▸ TASK OBJECTIVE
With any pictures left out, restate word for word the lines in the listing below from the one holding "Angi Gloves are" through the last.

▸ GIVEN ENTRIES

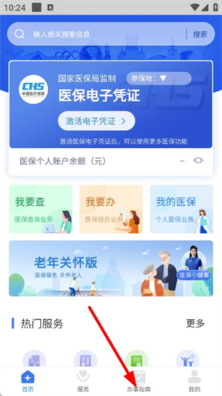 1、在江西医保的首页,点击底部办事指南,进入办事指南页面。
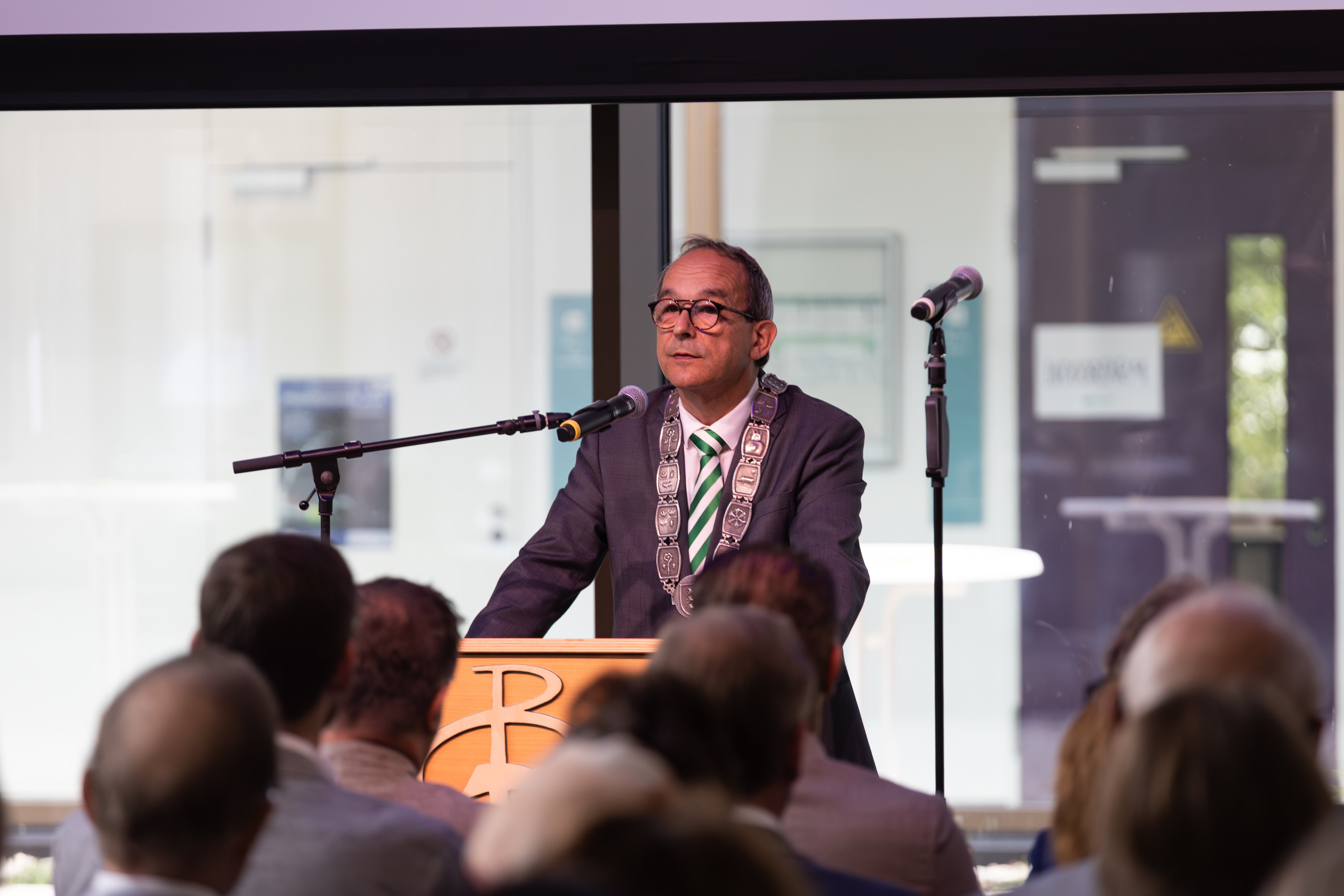 Wie nach ihm auch die weiteren Redner richtete der Bürgermeister Dankesworte an alle Beteiligten – angefangen beim Gemeinderat über Architekt, Handwerker, Bauleiter bis hin zu Schulleiter Jochen Schwab und Stellvertreter Achim Wawatschek: „Sie haben für Ihre Schule gekämpft, und gemeinsam haben wir immer eine gute Lösung gefunden!“ Statt eines Schlüssels überreichte Burger ein Steuerungstablet an Jochen Schwab, damit er das BGB – eine „Schule mit Haltung, Herz und Visionen“ – als Steuermann weiterhin sicher durch die bewegte Bildungslandschaft führen könne.
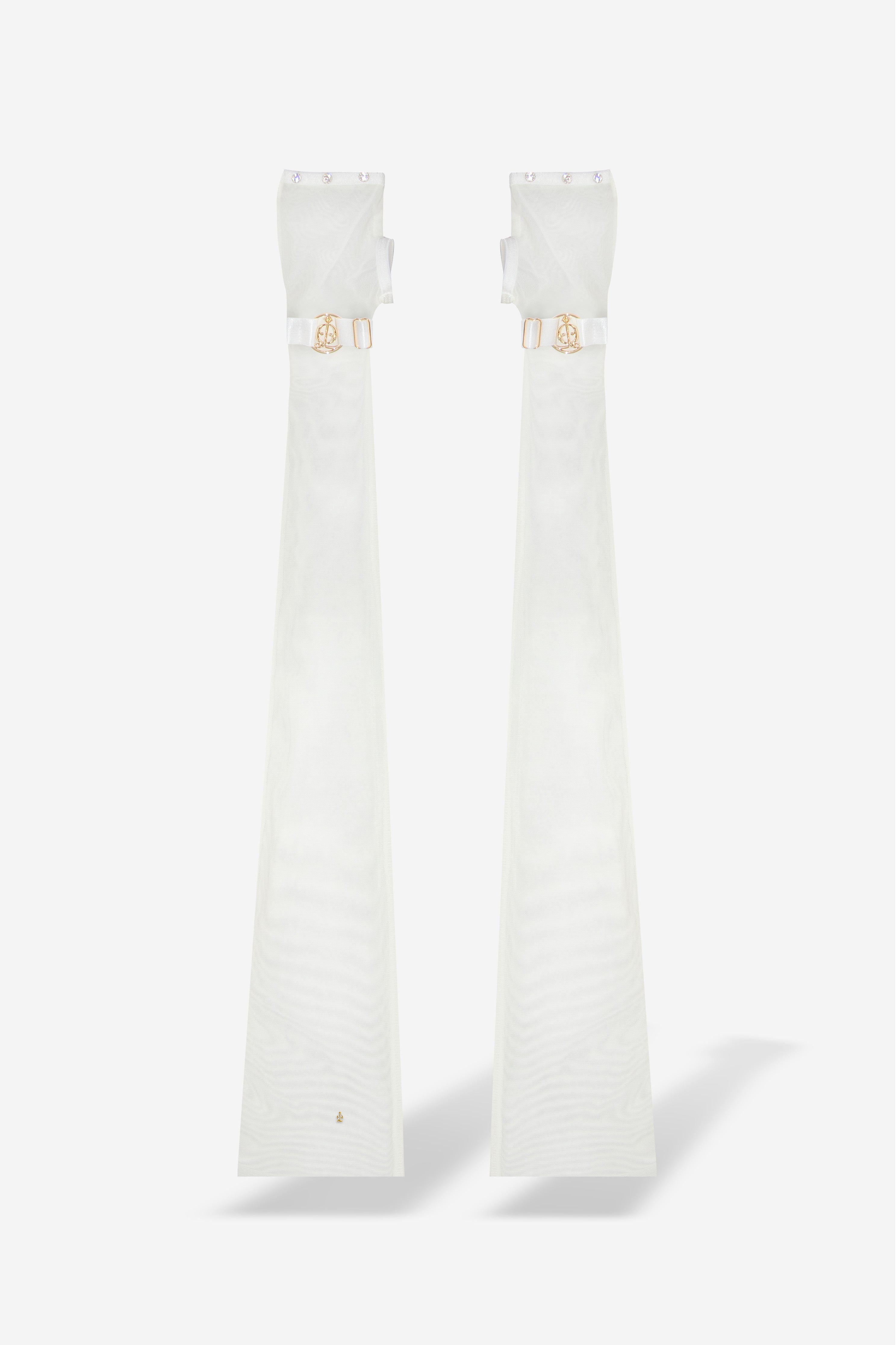 Angi Gloves are elegant sheer-mesh gloves with semi-elastic fit, clean-cut top hems, hand-sewn Swarovski Xirius Lochrose crystals and a signature 18K gold-plated wrist cuff. Ethically handmade in-house, each piece promises longevity for an everlasting love affair.
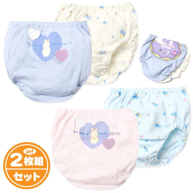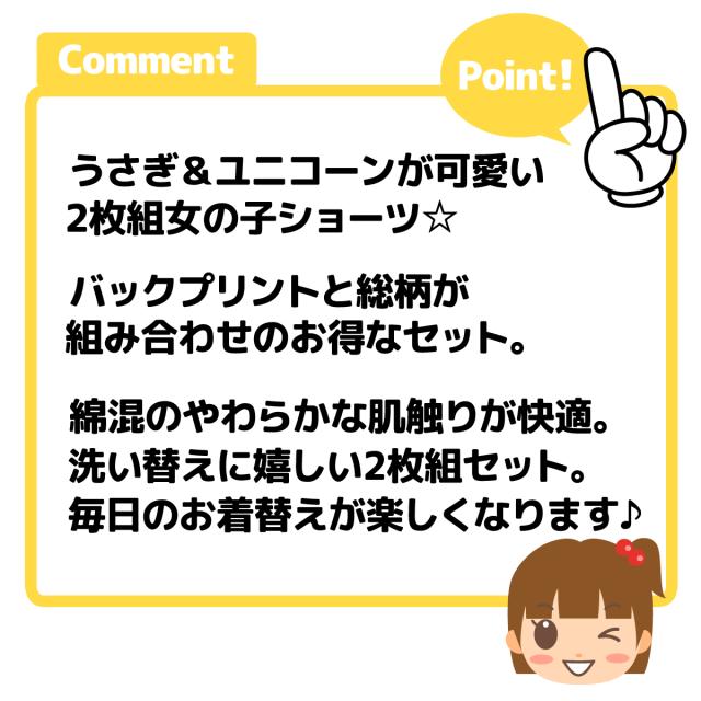 【送料無料】2枚組セット 女児 キッズ ショーツ 綿混 うさぎ ユニコーン バックプリント 総柄 肌着 下着 インナー 子供 女の子 110cm 120cm 130cm yg-2506【メール便対応】
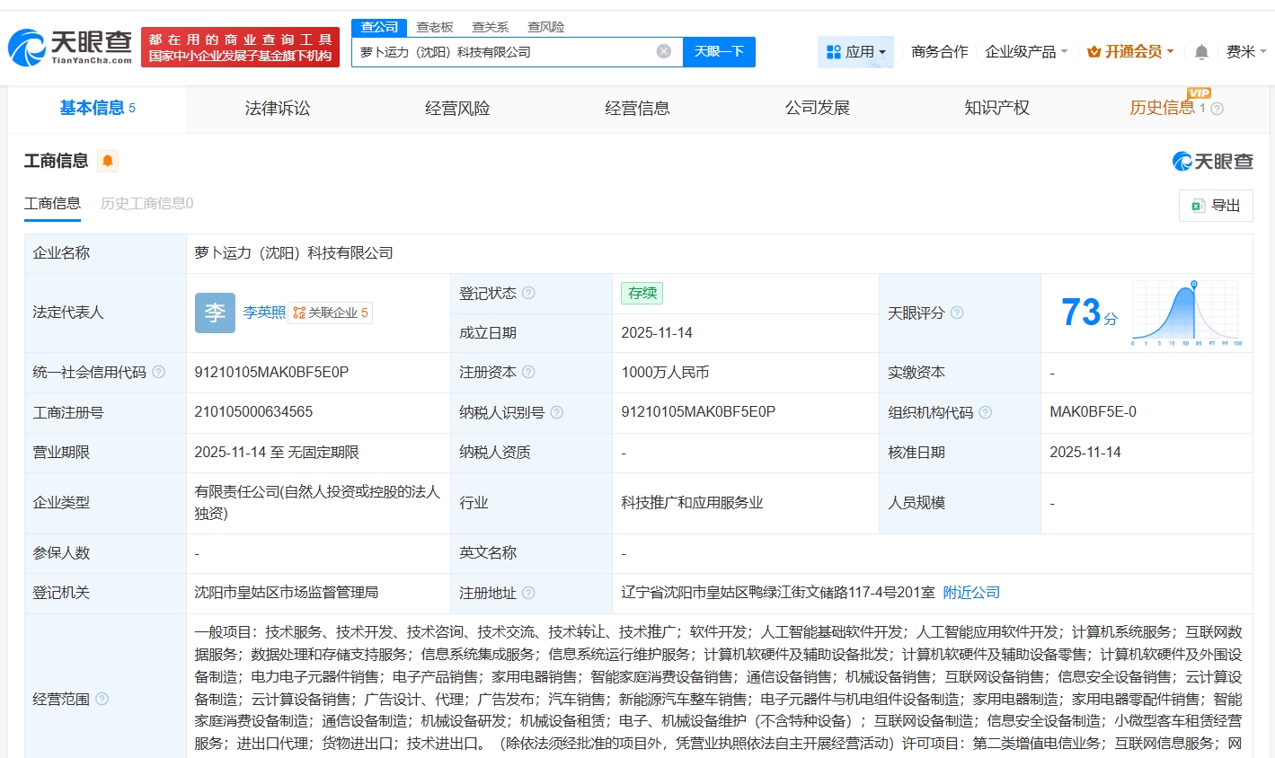 每经AI快讯,天眼查工商信息显示,近日,萝卜运力(沈阳)科技有限公司成立,法定代表人为李英照,注册资本1000万元人民币,经营范围包括人工智能基 础软件开发、人工智能应用软件开发、计算机系统服务等。股东信息显示,该公司由萝卜快跑关联公司萝卜运力(北京)科技有限公司全资持股。 | 天眼管 | 都在用的 商 业 查 询 工 具 | 更公司 | 童老板 音关系 | 童风险 | | | | | | --- | --- | --- | --- | --- | --- | --- | --- | --- | | 国家中小企业发展子基金旗下机构 | | 萝卜运力 (沈阳) 科技有限公司 | | | × | 天眼一下 | 船 应用 ▼ | 商务合作 | | 基本信息 5 | 法律诉讼 | | 经营风险 | | 经营信息 | | 公司发展 | 知 | | 股东信息 1 ⑦ ● 品 股权结构 | | | | | | | | | | 序号 | | 股东名称 | | | | | 持股比例÷ | 认缴出资额(7 | | 控股股东 | 萝卜运力(北京)科技有限公司 | | | | | | 100% | | | | 都在用的商业查询工具 ...

▸ RESPONSE TO THIS EXERCISE
 Angi Gloves are elegant sheer-mesh gloves with semi-elastic fit, clean-cut top hems, hand-sewn Swarovski Xirius Lochrose crystals and a signature 18K gold-plated wrist cuff. Ethically handmade in-house, each piece promises longevity for an everlasting love affair.
 【送料無料】2枚組セット 女児 キッズ ショーツ 綿混 うさぎ ユニコーン バックプリント 総柄 肌着 下着 インナー 子供 女の子 110cm 120cm 130cm yg-2506【メール便対応】
 每经AI快讯,天眼查工商信息显示,近日,萝卜运力(沈阳)科技有限公司成立,法定代表人为李英照,注册资本1000万元人民币,经营范围包括人工智能基 础软件开发、人工智能应用软件开发、计算机系统服务等。股东信息显示,该公司由萝卜快跑关联公司萝卜运力(北京)科技有限公司全资持股。 | 天眼管 | 都在用的 商 业 查 询 工 具 | 更公司 | 童老板 音关系 | 童风险 | | | | | | --- | --- | --- | --- | --- | --- | --- | --- | --- | | 国家中小企业发展子基金旗下机构 | | 萝卜运力 (沈阳) 科技有限公司 | | | × | 天眼一下 | 船 应用 ▼ | 商务合作 | | 基本信息 5 | 法律诉讼 | | 经营风险 | | 经营信息 | | 公司发展 | 知 | | 股东信息 1 ⑦ ● 品 股权结构 | | | | | | | | | | 序号 | | 股东名称 | | | | | 持股比例÷ | 认缴出资额(7 | | 控股股东 | 萝卜运力(北京)科技有限公司 | | | | | | 100% | | | | 都在用的商业查询工具 ...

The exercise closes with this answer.